* **Instructions for the task**: Reproduce without any pictures the lines from the one that contains "CIUDAD DE MÉXICO, 18NOVIEMBRE2019.- Trabajadores" through the end of the records, exactly as written.

* **Input data**:
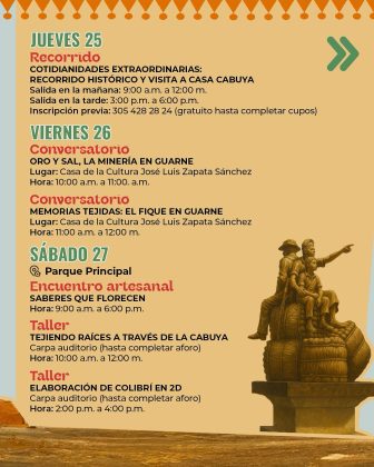 Uno de los grandes imperdibles serán los recorridos históricos a Casa Cabuya, un espacio para reconocer las cotidianidades extraordinarias que han tejido nuestra historia.
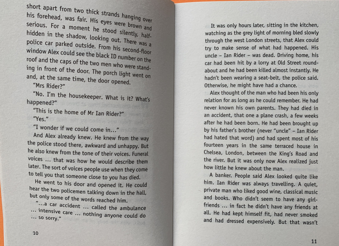 Also I do think it is a good idea to read the books in order. There are events and characters that are carried through from the earlier books so it does make a bit more sense to try and stick to the order. If you stick to the order you also get to really see the character of Alex Rider develop and grow.
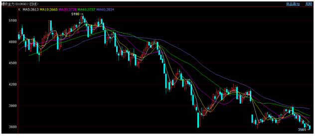 今日期钢大幅下跌,螺纹主力期货跌63,收报3574,跌幅1.73%;热卷主力跌39,收报3623,跌幅1.06%;焦煤主力跌81,收报1966,跌幅3.96%;焦炭主力跌46.5,收报2566.5,跌幅1.78%;铁矿石跌13,收报669.5,跌幅1.9%。黑色系商品走低,螺纹钢主力合约跌近2%,创9月2日以来新低,焦煤主力合约跌近4%,焦炭、螺纹、铁矿跌近2%。
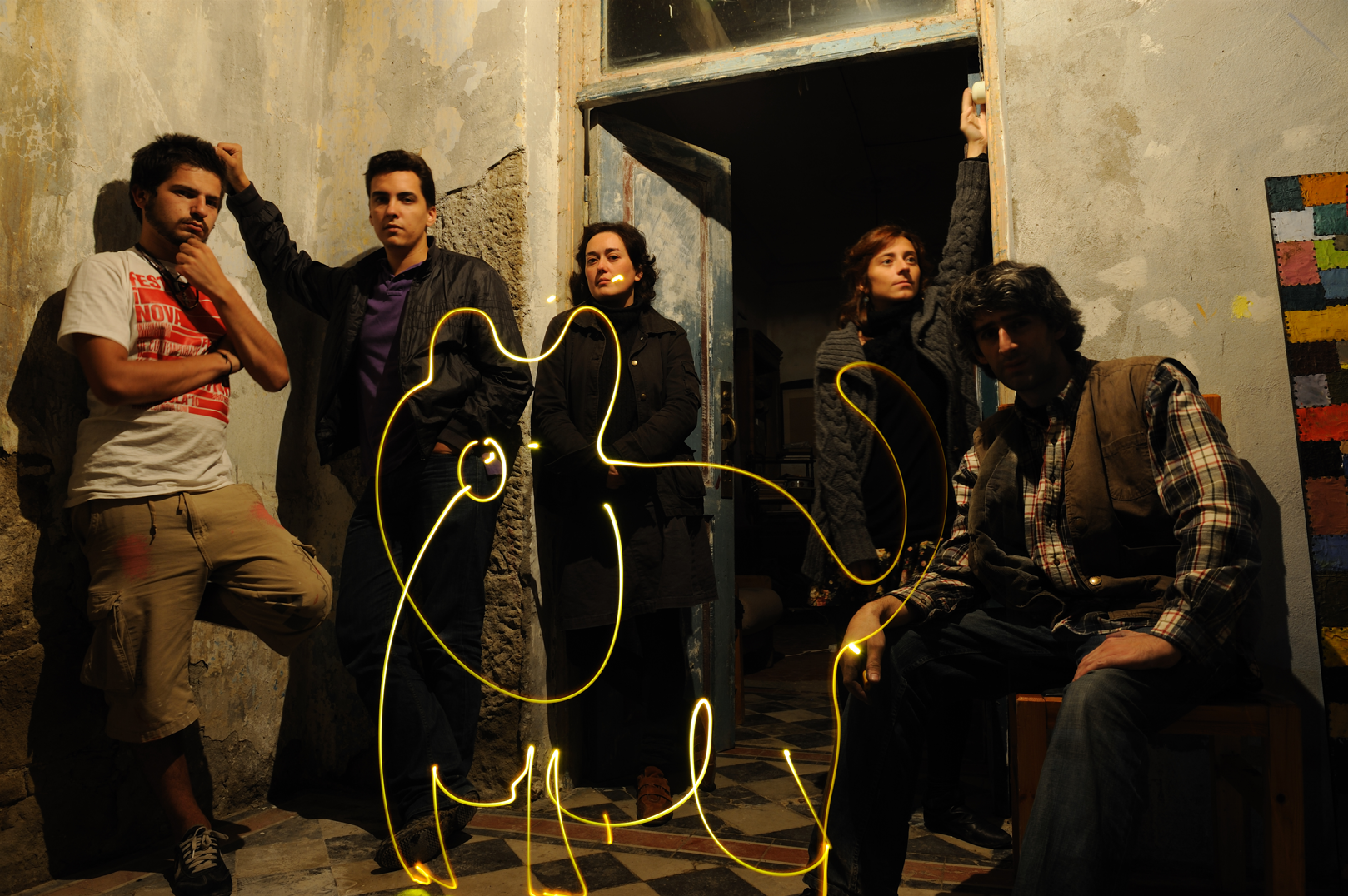 Giorgi, Anton Sokolov, Tinatin Chkhikvishvili, Tutu Kiladze, Anton Balanchivadze and the freezlight figure in Art Villa Garikula, 2013
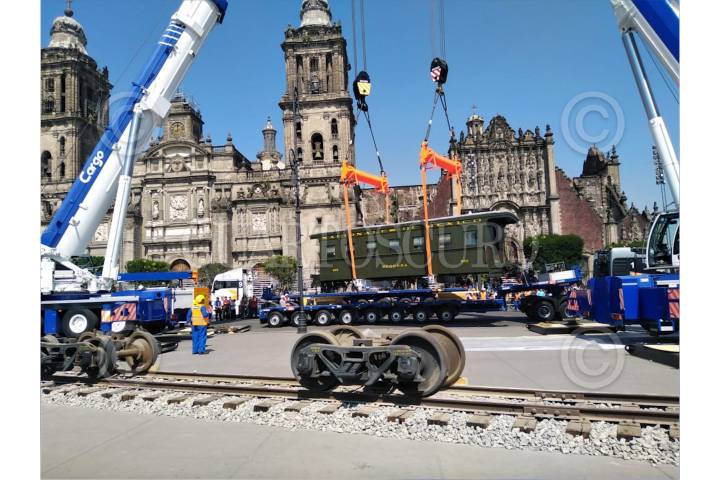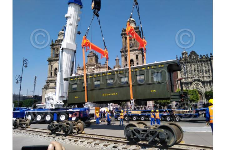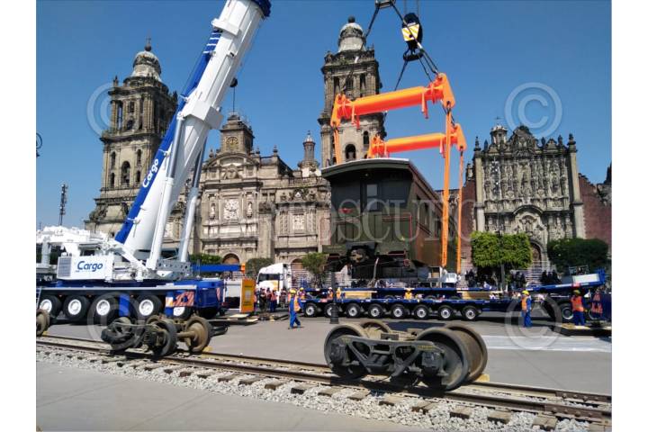 CIUDAD DE MÉXICO, 18NOVIEMBRE2019.- Trabajadores tuvieron que realizar varias maniobras para colocar la locomotora "Petra" que será parte de la ambientación que el gobierno federal esta llevando a cabo en el marco de las festividades del 109 Aniversario de la Revolución Mexicana. FOTO: ARMANDO MONROY /CUARTOSCURO.COM
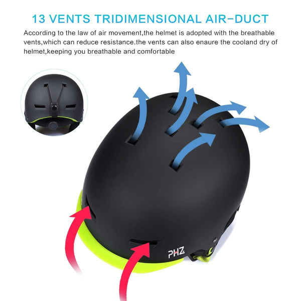PHZ. Ski Helmet, Snowboard Helmet - Adjustable Venting, Goggles and Audio Compatible, Removable Liner and Ear Pads, Safety-Certified Snow Sports Helmet for Men, Women & Youth
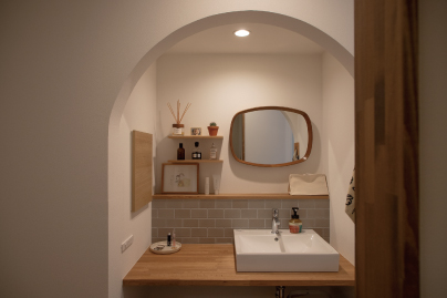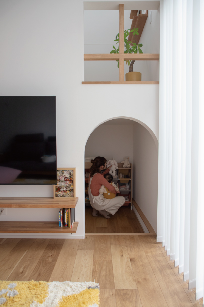 ナチュラルで可愛い雰囲気のアーチ、帰ってすぐに見えるおしゃれな造作洗面、柔らかく温かい日がさす大きな窓、リビング全体が見渡せるキッチン、一回座ったらホッと一息つけるダイニングなどなど。

* **Worked solution**:
 CIUDAD DE MÉXICO, 18NOVIEMBRE2019.- Trabajadores tuvieron que realizar varias maniobras para colocar la locomotora "Petra" que será parte de la ambientación que el gobierno federal esta llevando a cabo en el marco de las festividades del 109 Aniversario de la Revolución Mexicana. FOTO: ARMANDO MONROY /CUARTOSCURO.COM
PHZ. Ski Helmet, Snowboard Helmet - Adjustable Venting, Goggles and Audio Compatible, Removable Liner and Ear Pads, Safety-Certified Snow Sports Helmet for Men, Women & Youth
 ナチュラルで可愛い雰囲気のアーチ、帰ってすぐに見えるおしゃれな造作洗面、柔らかく温かい日がさす大きな窓、リビング全体が見渡せるキッチン、一回座ったらホッと一息つけるダイニングなどなど。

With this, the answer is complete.